Java Problem Overview


The book Effective Java and other sources provide a pretty good explanation on how and when to use the readObject() method when working with serializable Java classes. The readResolve() method, on the other hand, remains a bit of a mystery. Basically all documents I found either mention only one of the two or mention both only individually.

Questions that remain unanswered are:

  • What is the difference between the two methods?
  • When should which method be implemented?
  • How should readResolve() be used, especially in terms of returning what?

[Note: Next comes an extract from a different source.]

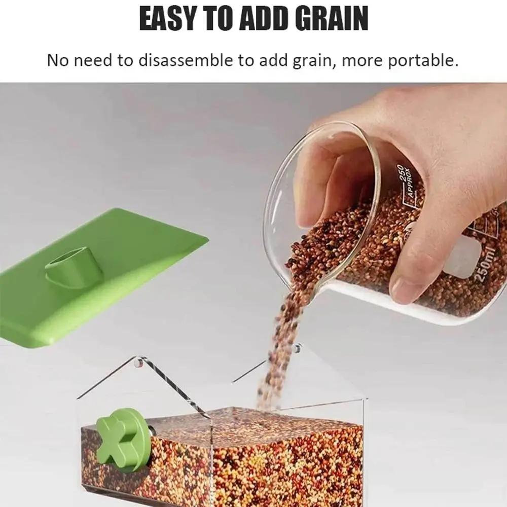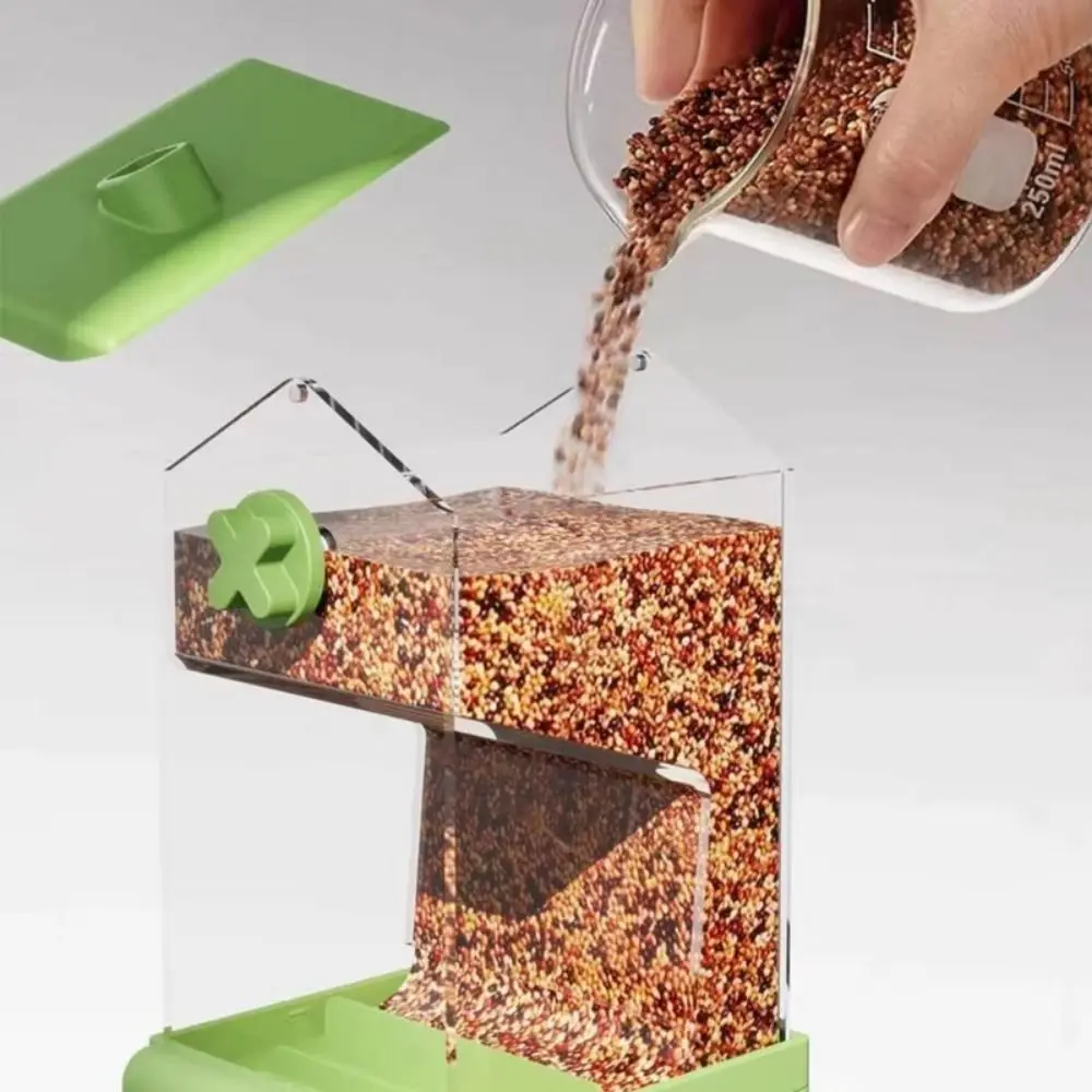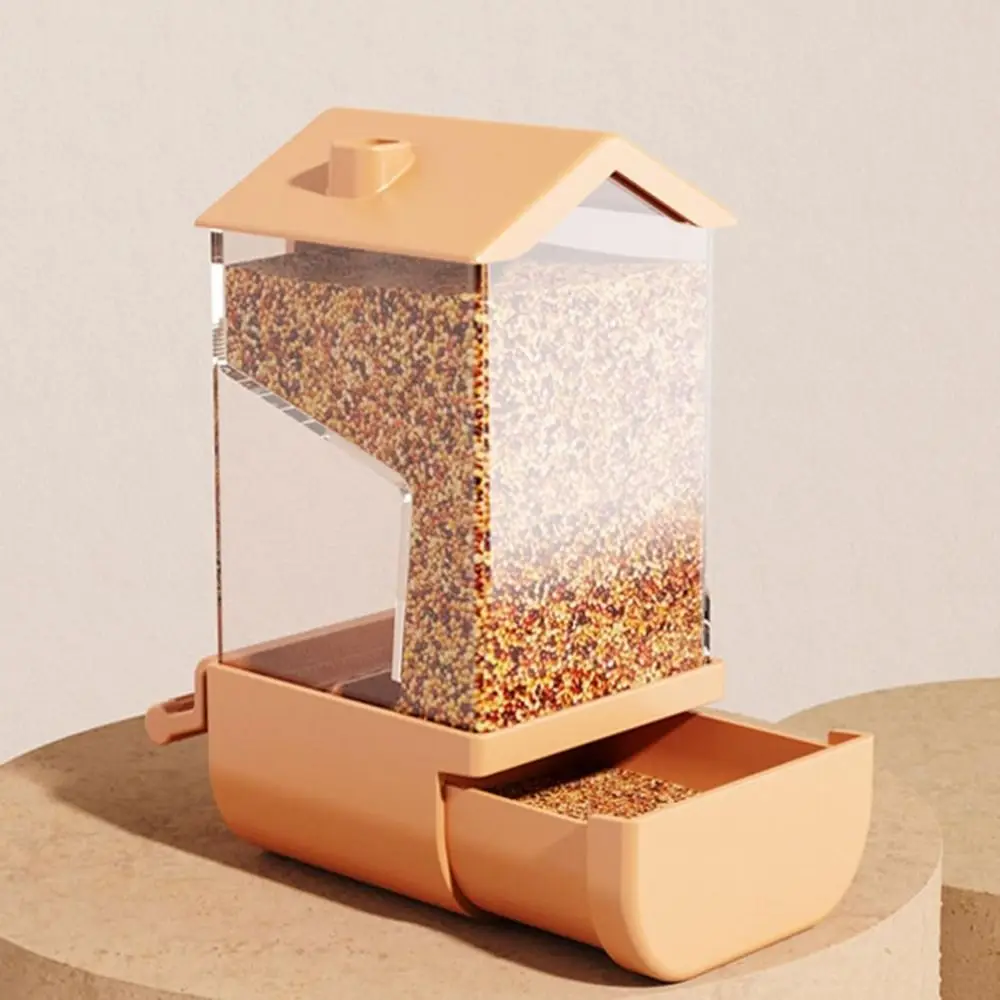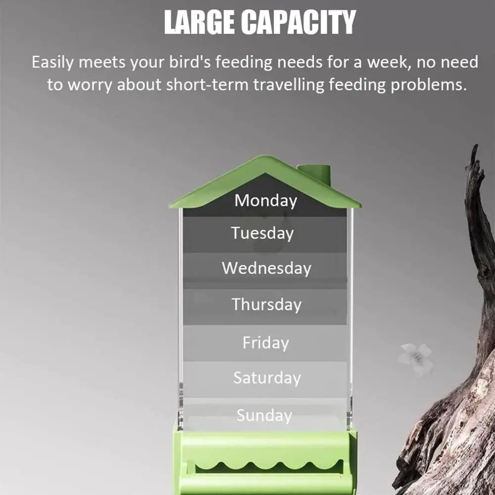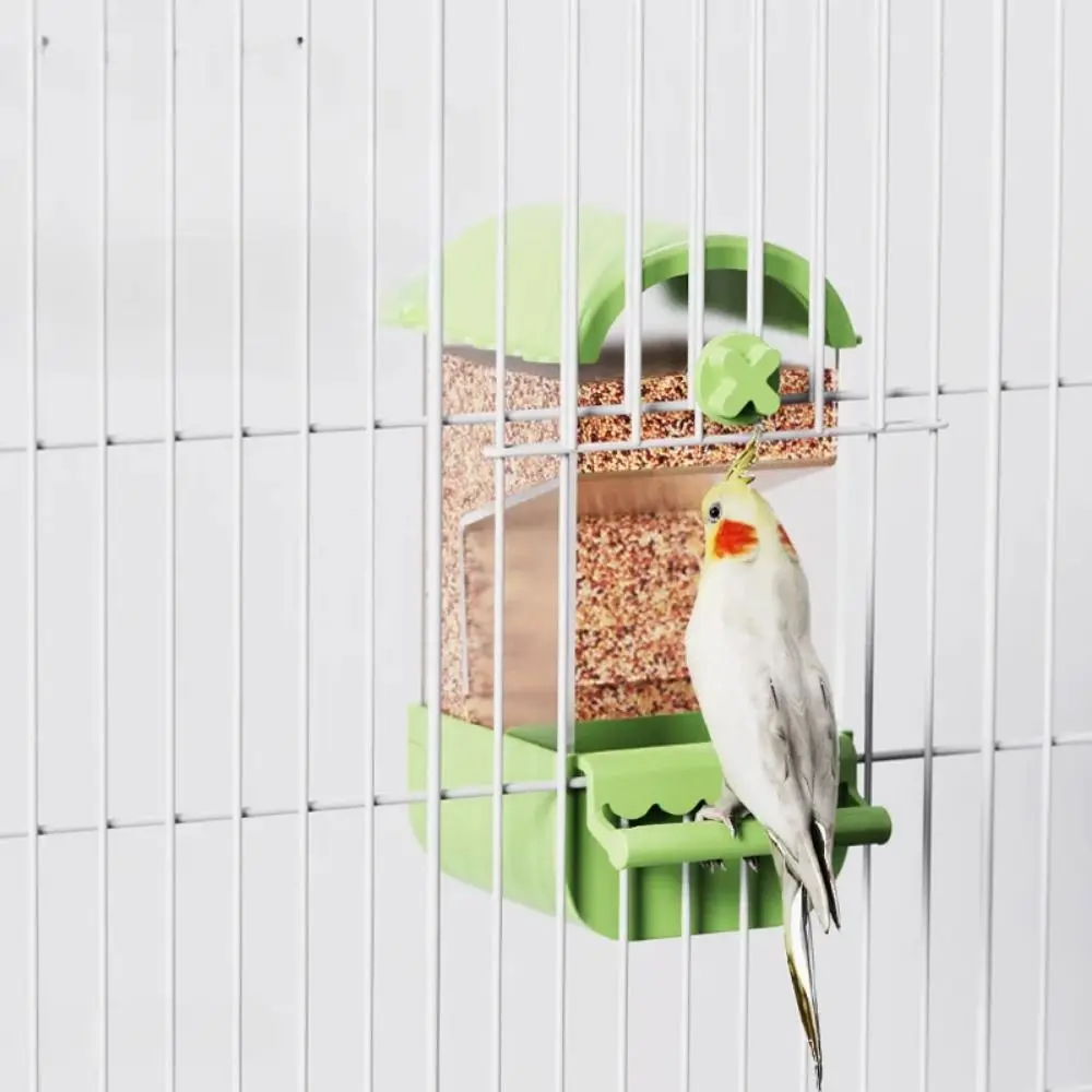 Automatic bird feeder:Parakeet feeder adopts gravity automatic feeding design,put the bird food can automatically fall,save your time and energy, large capacity,when you need to go out,you can put enough food in the bird feeder,it can automatically fall according to the bird’s appetite,you can go to work party,do not have to worry about the bird feeding problems during travel,comederos para pajaritos made of abs + acrylic material,long life.

I hope you can shed some light on this matter.

Java Solutions


Solution 1 - Java

readResolve is used for replacing the object read from the stream. The only use I've ever seen for this is enforcing singletons; when an object is read, replace it with the singleton instance. This ensures that nobody can create another instance by serializing and deserializing the singleton.

Solution 2 - Java

Item 90, Effective Java, 3rd Ed covers readResolve and writeReplace for serial proxies - their main use. The examples do not write out readObject and writeObject methods because they are using default serialisation to read and write fields.

readResolve is called after readObject has returned (conversely writeReplace is called before writeObject and probably on a different object). The object the method returns replaces this object returned to the user of ObjectInputStream.readObject and any further back references to the object in the stream. Both readResolve and writeReplace may return objects of the same or different types. Returning the same type is useful in some cases where fields must be final and either backward compatibility is required or values must copied and/or validated.

Use of readResolve does not enforce the singleton property.

Solution 3 - Java

readResolve can be used to change the data that is serialized through readObject method. For e.g. xstream API uses this feature to initialize some attributes that were not in the XML to be deserialized.

http://x-stream.github.io/faq.html#Serialization

Solution 4 - Java

readObject() is an existing method in ObjectInputStream class. At the time of deserialization readObject() method internally checks whether the object that is being deserialized has readResolve() method implemented. If readResolve() method exists then it will be invoked

A sample readResolve() implementation would look like this

protected Object readResolve() {
  return INSTANCE:
}

So, the intent of writing readResolve() method is to ensure that the same object that lives in JVM is returned instead of creating new object during deserialization.

Solution 5 - Java

readResolve is for when you may need to return an existing object, e.g. because you're checking for duplicate inputs that should be merged, or (e.g. in eventually-consistent distributed systems) because it's an update that may arrive before you're aware of any older versions.

Solution 6 - Java

readResolve() will ensure the singleton contract while serialization.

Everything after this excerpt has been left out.